Exercise goal =>
Keeping pictures out, repeat the lines of the listing below exactly, starting at its first line and finishing with the one that holds "- 【Instalación Fácil".

***** The records

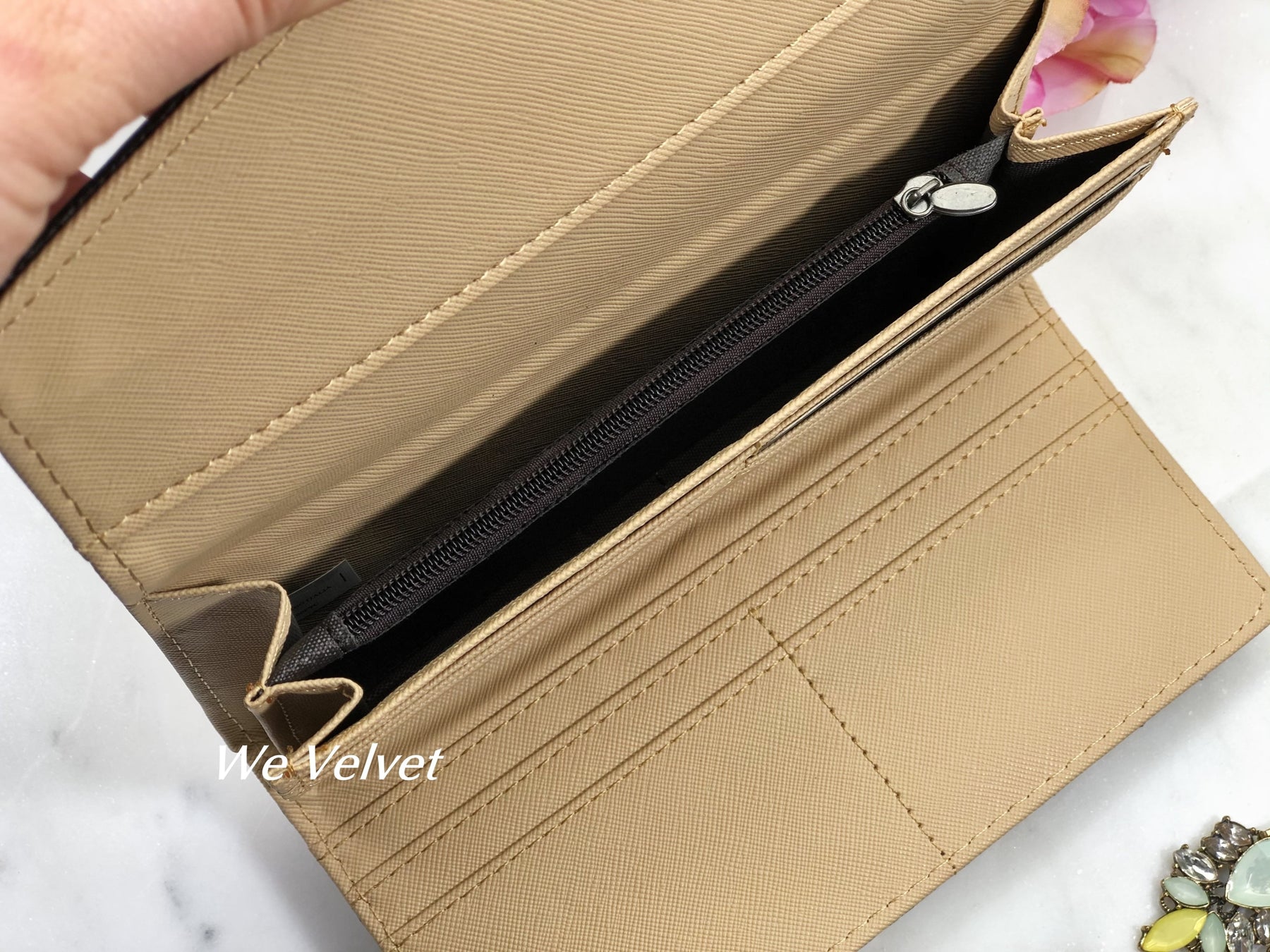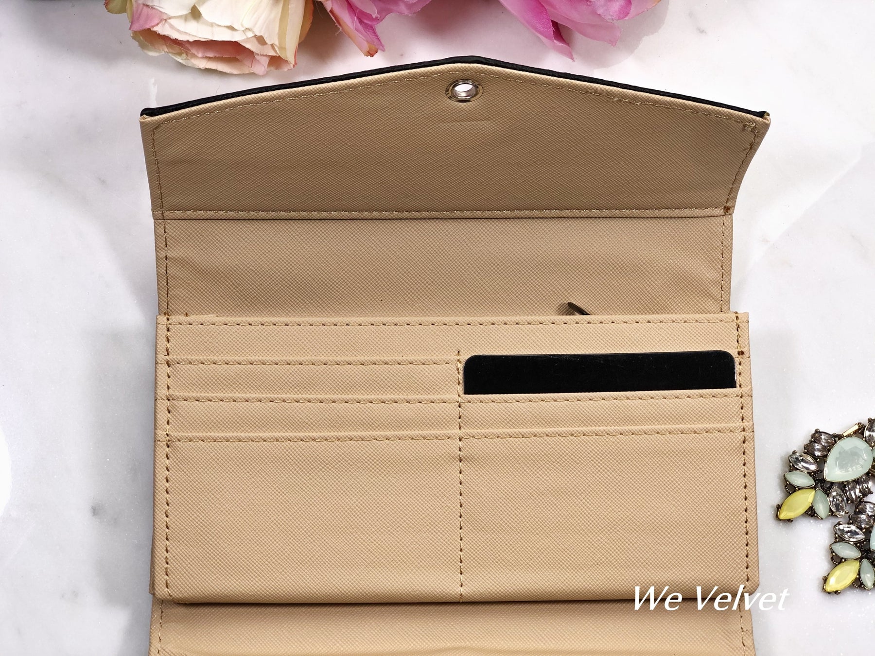 - Dispune de 10 compartimente pentru carduri, 3 compartimente pentru bancnote și documente și 1 buzunar cu fermoar pentru monede
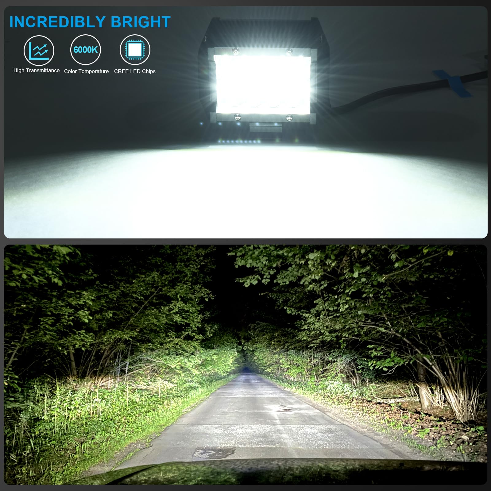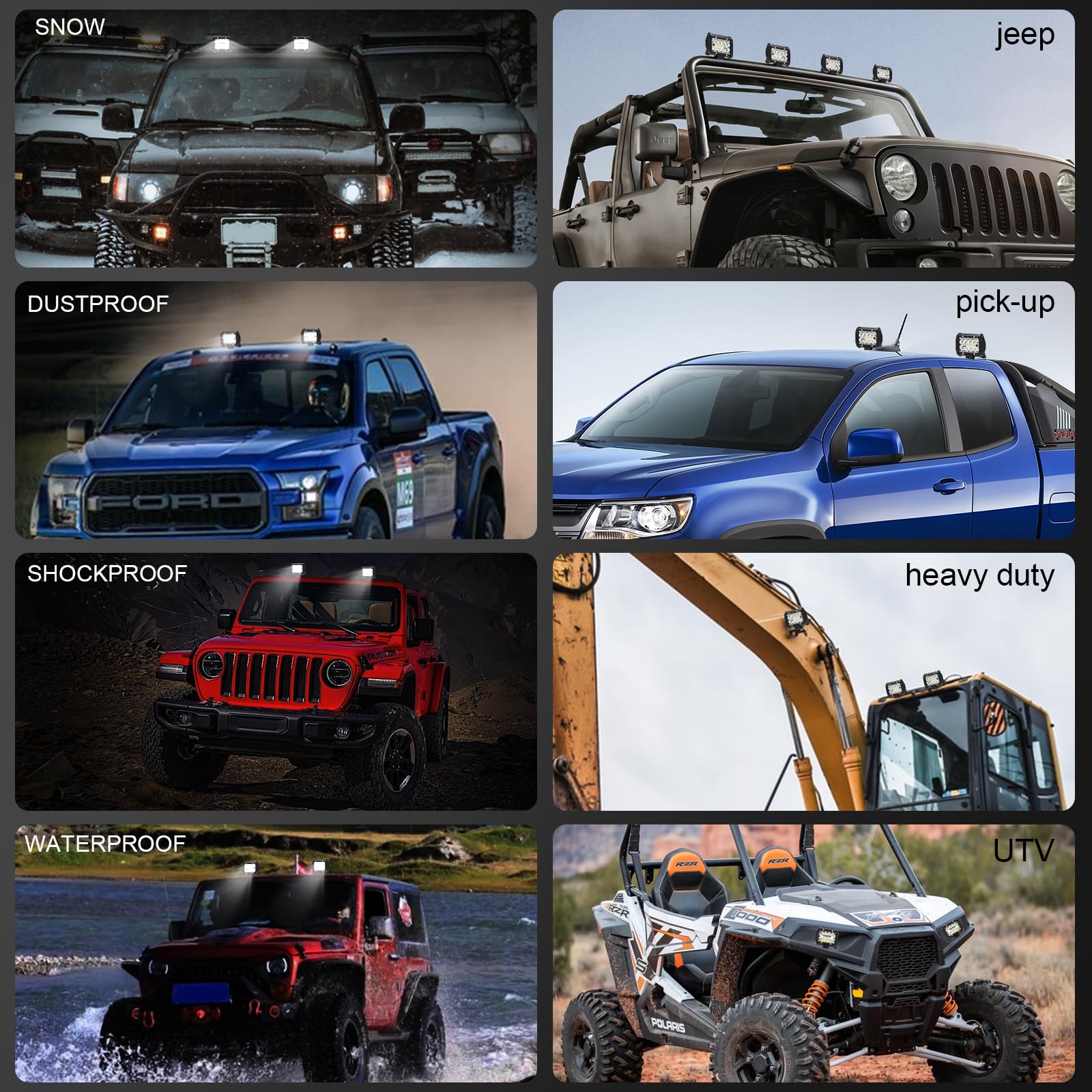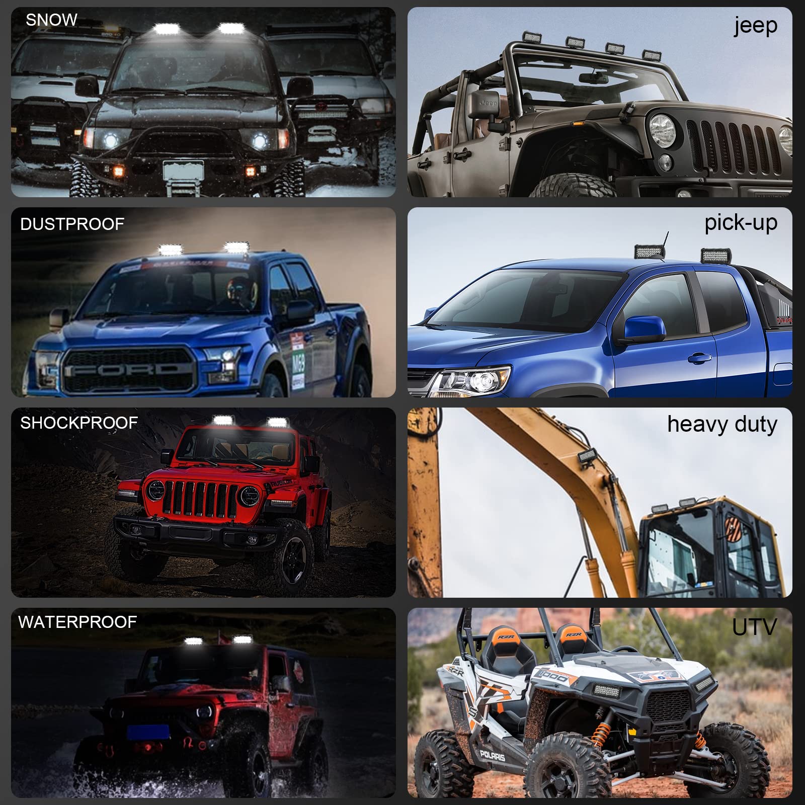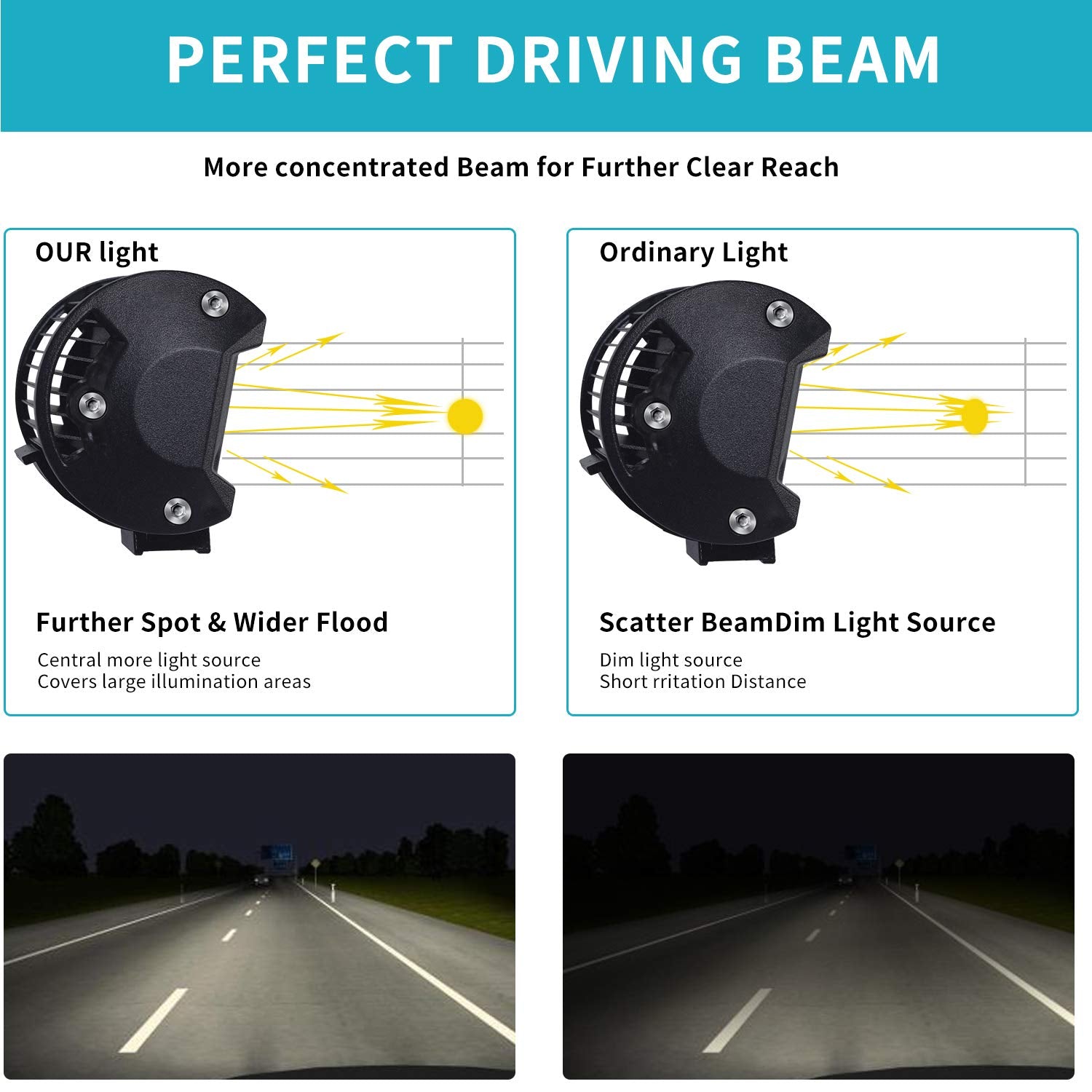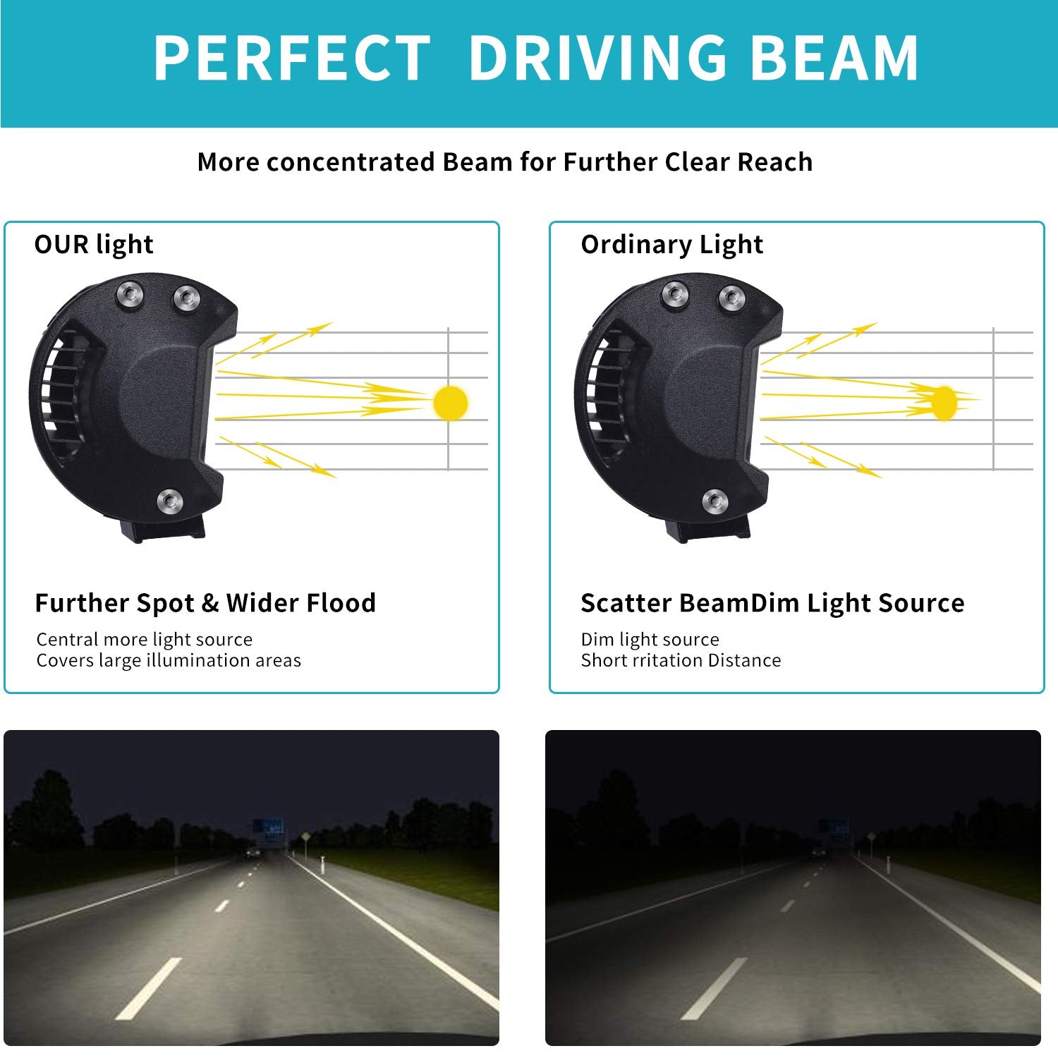 - 【Instalación Fácil y Aplicación Amplia】- El amplio voltaje de operación (9 ~ 30 V) hace que nuestras luces sean adecuadas para diferentes tipos de vehículos, por faros led de trabajo puede ser ampliamente utilizada para la mayoría de los estilos de vehículos (todoterreno, SUV, ATV, UTV) , camión, marina, motocicleta, bote, servicio pesado, etc.).
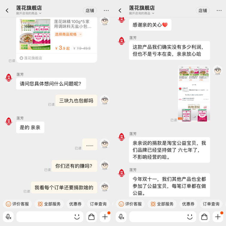 對(duì)此,蓮花味精淘寶客服回應(yīng):利潤確實(shí)不多,但也沒有虧本,每筆訂單還有部分利潤用于公益項(xiàng)目捐贈(zèng)。捐款是因?yàn)樵O(shè)置了淘寶公益寶貝,已經(jīng)堅(jiān)持六七年了。并且今年天貓雙11期間,所有產(chǎn)品都設(shè)置成了公益寶貝,每筆訂單都在做公益。
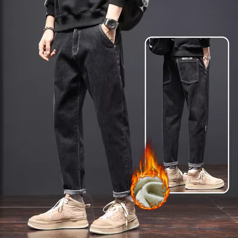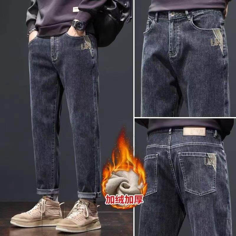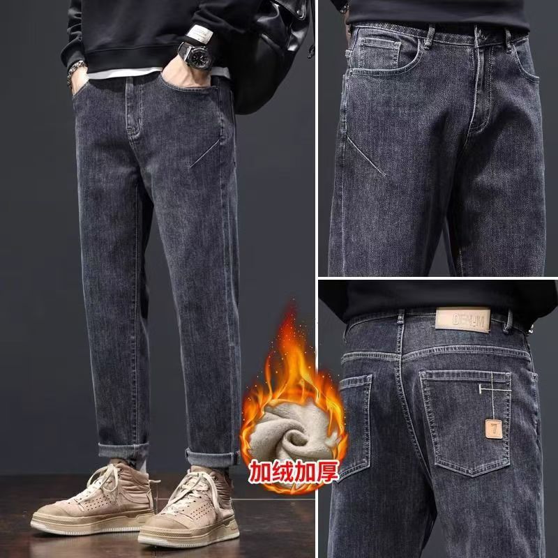 남성용 기모 데님 팬츠 가을 겨울 트렌디 브랜드 루즈핏 스트레이트 2025 신상 겨울 신축성 캐주얼 롱 팬츠 공장스토어 가기
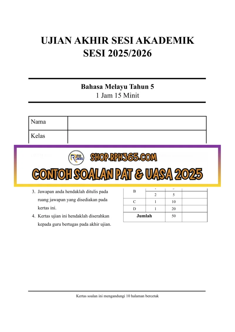 UASA 2025 Bahasa Melayu SJK Tahun 5 by Haz Shah
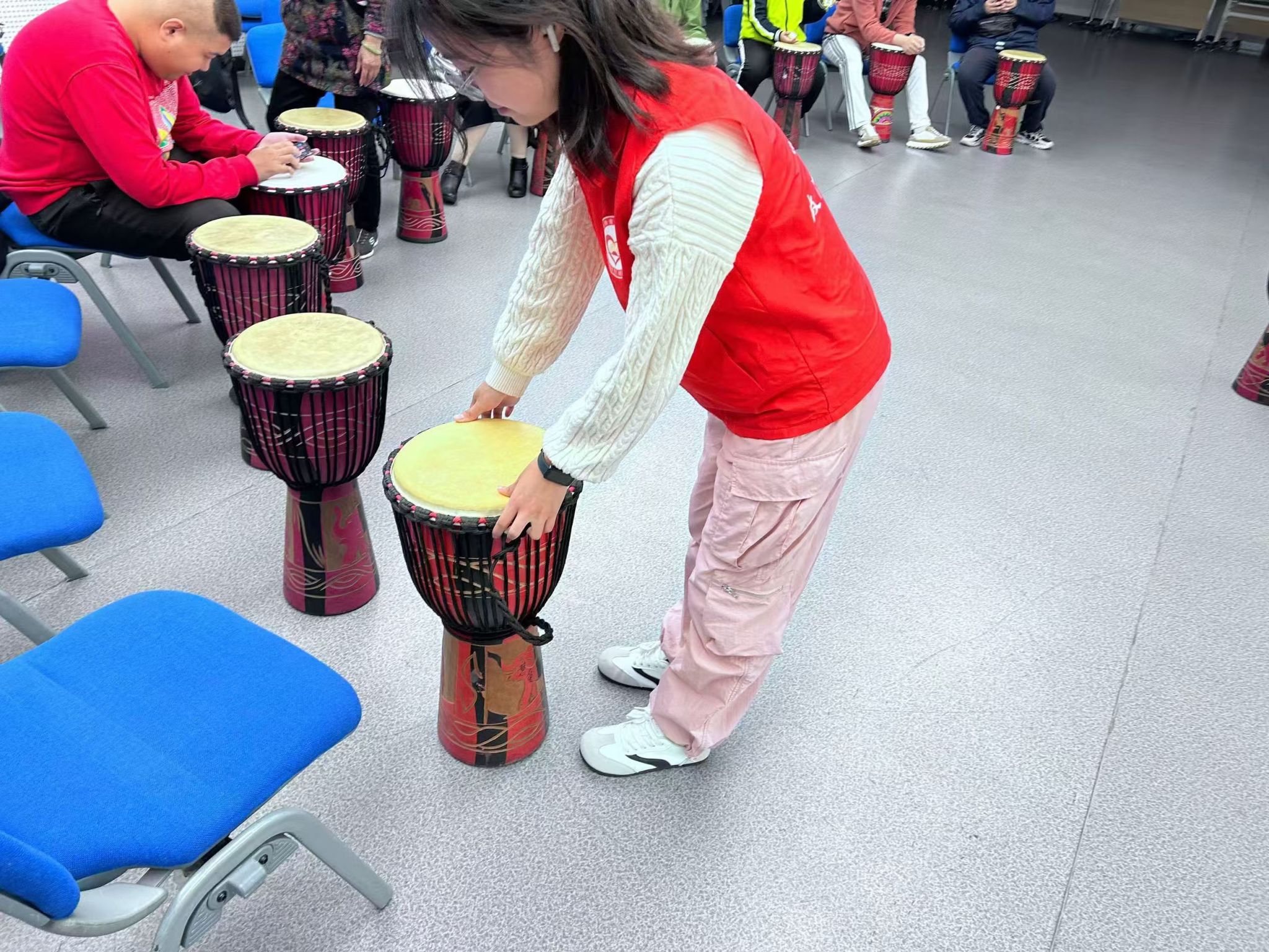 活动当天,志愿者们早早到达现场,为活动做准备。随后,他们面带微笑,热情地迎接每一位前来上课的残障儿童,用温暖和关爱为孩子们营造一个轻松愉悦的学习氛围。在专业老师的悉心指导下,孩子们投入到非洲鼓的学习中,他们认真聆听老师的讲解,仔细观察老师的示范,在老师教学完毕后,就迫不及待地拿起鼓槌,开始尝试敲击,教室里立刻回荡起了此起彼伏的击鼓声。随着教学的深入,孩子们逐渐找到了节奏,他们的敲击声愈发整齐而沉厚有力。在志愿者的陪伴下,孩子们渐渐释放自我,用歌声和鼓声表达他们内心的喜悦,使整个教室都洋溢着欢快的氛围。此次活动,为残障儿童带来了学习新技能的机会,帮助他们在音乐中找到乐趣,释放压力,促进了他们的心理健康。
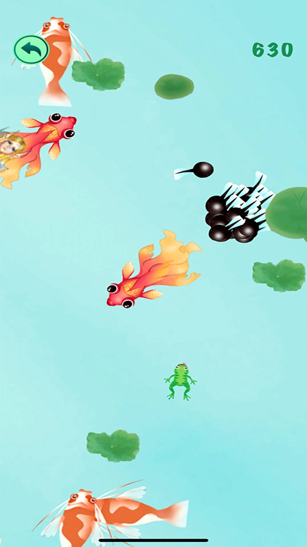 2、只需用手指按住屏幕,即可控制蝌蚪的游动方向。

**********

Response for this exercise =>
 - Dispune de 10 compartimente pentru carduri, 3 compartimente pentru bancnote și documente și 1 buzunar cu fermoar pentru monede
 - 【Instalación Fácil y Aplicación Amplia】- El amplio voltaje de operación (9 ~ 30 V) hace que nuestras luces sean adecuadas para diferentes tipos de vehículos, por faros led de trabajo puede ser ampliamente utilizada para la mayoría de los estilos de vehículos (todoterreno, SUV, ATV, UTV) , camión, marina, motocicleta, bote, servicio pesado, etc.).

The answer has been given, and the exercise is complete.